In a series of bizarre articles in the Sunday Indo, Ruth Dudley Edwards has been publicly cooing about her obsession with Lord Black. She fawns about the “exuberant displays of intellectual prowess” that Black’s emails to her contain. “Prison has not dulled his spirit” sighs the besotted Ruth Dudley Edwards. She slobbers about the “admirable” Black who “quickly set about helping to educate the prison inmates”.

For a while Edwards says she tried to stop thinking about Black and writing columns about him – perhaps in order to stop boring everyone to death. But alas, her plan to forget Black did not work because, confesses Edwards, “I fell to thinking about him again last week”. And low and behold, she wrote yet another simpering column in the Sunday Indo about how great he is, praising Black as “exceptionally loyal”. I presume she is talking about Black’s exceptional loyalty to the shareholders whose money he stole, thus causing him to end up in prison?

In any event, Edwards and her friend Mark Steyn have engaged in a campaign to get Black pardoned by George Bush. Bush thought better of it and rejected the plea to pardon Black – Bush’s first sensible decision after eight years in office.

Before a recent legal appeal against his conviction Black said to Edwards: “I still expect justice to prevail. We soldier on.” The appeal was subsequently thrown out, just like all his other appeals, but that has not stopped Edwards continuing to write in the Sunday Indo about the “misfortunes” and “injustices” that her email paramour has had to endure.

But the battle to clear Conrad Blacks name is not over yet. Oh no! A book is currently being written, Edwards assures us, that will expose “the farrago of outrages that has been inflicted on” Black. The book will “emerge next spring, pulling no punches, and laying this mockery of a [legal] system bare for what it is”. Who is writing this vindication of Conrad Black? Why it’s none other than Baron Conrad Black of Crossharbour himself! When the “book” eventually appears we can expect to enjoy more than one slavering review from the smitten Ruth Dudley Edwards.

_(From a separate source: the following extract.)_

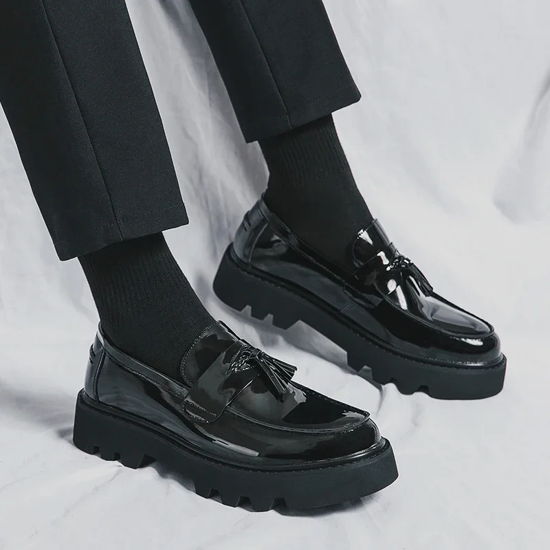 Black Dress Casual Shoes Mens Comfortable Driving Loafers Light Moccasins Men Sequins Bling Party Wedding Flats Tassel Zapatos
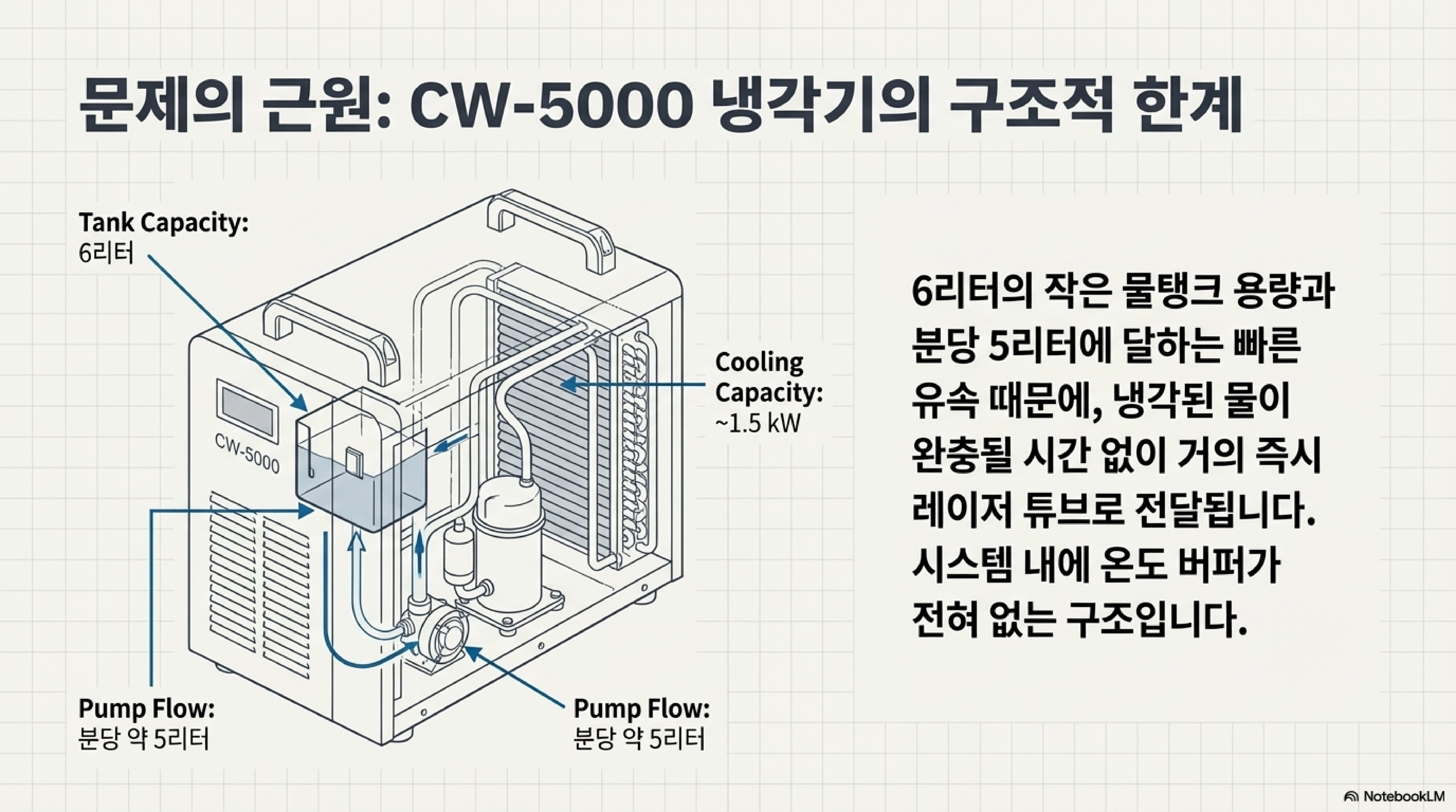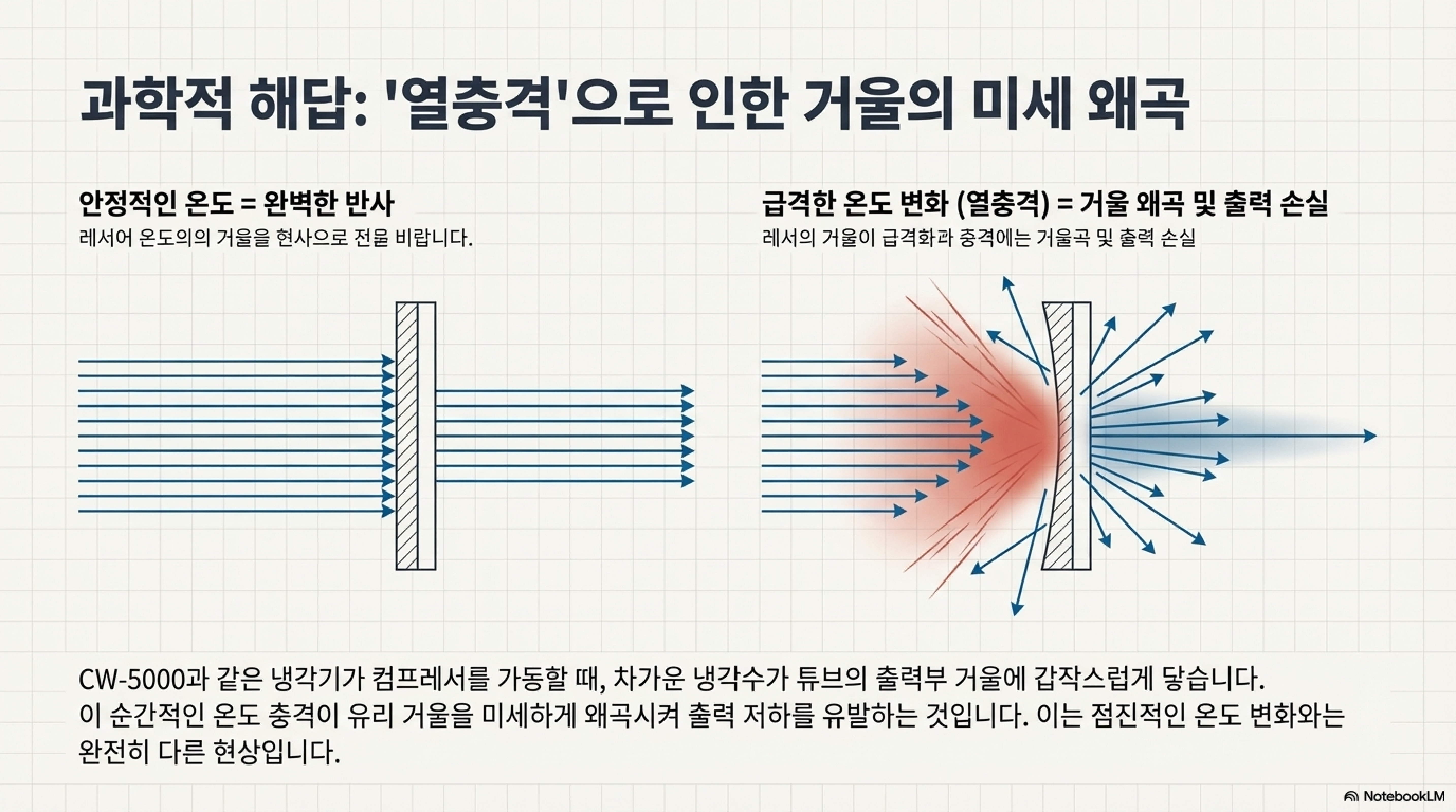 이 두 가지 특성이 결합되면, 냉각 장치가 작동하는 순간 작은 용량의 물은 순식간에 차가워집니다. 그리고 이 차가워진 물은 아무런 완충(buffering) 과정 없이 즉시 레이저 튜브로 보내집니다. 이것이 바로 미러에 치명적인 열충격을 가하는 직접적인 원인입니다.

What is the source of Ruth Dudley Edwards’ passionate attachment to her jailed beloved? Well, some say it might be due to the fact that he is a Baron, and that Edwards has a weakness for anyone with a title. Edwards had been a long-time hanger-on of someone called Dame Ruth Railton. So Edwards has a history of coming over all starry-eyed in the presence of “aristocrats”. Perhaps that’s what is going on here?

In his mails to Edwards, Black sometimes talks about general political issues of the day. For example, before the recent US election, Black attacked Obama as too “ignorant”, “juvenile” and “hubristic” to be President. “He frightens me” added a trembling Black. “If McCain keeps his wits about him, stays on message, and appears to be alive, he should win” predicted Black, demonstrating yet again his firm grip on reality in another exuberant display of intellectual prowess.

Black has also declared his support for the Irish people who voted No to the Lisbon Treaty. “I was proud of the Irish in the referendum” he announces. Well that will make the people who voted No to Lisbon feel better about themselves.

Is there a Vast Right-wing Conspiracy to Subvert this Blog?

A READER WRITES: “Dear BB, In my rush to read your daily dose of wisdom, I mistakenly typed the following:

http://www.brianbarrnigton.blogpot.com/ - only to find the following:

‘WELCOME to an easy to navigate MEGA-SITE of Bible, Christian, church & religious information, sermons & studies. Includes the audio & written Bible, sound doctrine, prophecy, a photo tour of Israel and spiritual warfare. If it's in the Bible, it should be here. Among the Web's most complete Christian sites, by God's mercy (app. 6000 pgs & 4000 subjects). A few minutes reading this page could PROVE to you the Bible is true.’

Ha! I thought, BB would never put his name to this nonsense! Imagine my surprise then, when I corrected my mistake and found that today, you were discussing the anti-Muslim musings of Mark Steyn.... Coincidence? Surely not!

Do you think the Christian right (or indeed Mark Steyn) has been alerted to the atheist leanings of your blog and in an attempt to brainwash the minds of those who clearly cannot type, have registered a blog domain that will certainly receive traffic intended for yours? (As I am sure that of all your virtual followers, there must be many more like me who are typographically challenged from time to time)

Yours etc, Lil Miss Typo”

Do YOU have a problem? Leave an anonymous comment, or send your problem in confidence to brianbarrington@gmail.com

A Review of Mark Steyn’s America Alone

Mark Steyn’s book America Alone has been a New York Times best-seller, and a number 1 seller in Canada. Steyn is a well-known syndicated columnist. Many people accept the central thesis of this book. Many other best-selling books have made a similar argument, such as While Europe Slept by Bruce Bawer, Londonistan by Melanie Philips, and Eurabia by Bat Ye’or. What is America Alone’s central thesis? Well, the book is called America Alone, but in fact it is mostly about Europe.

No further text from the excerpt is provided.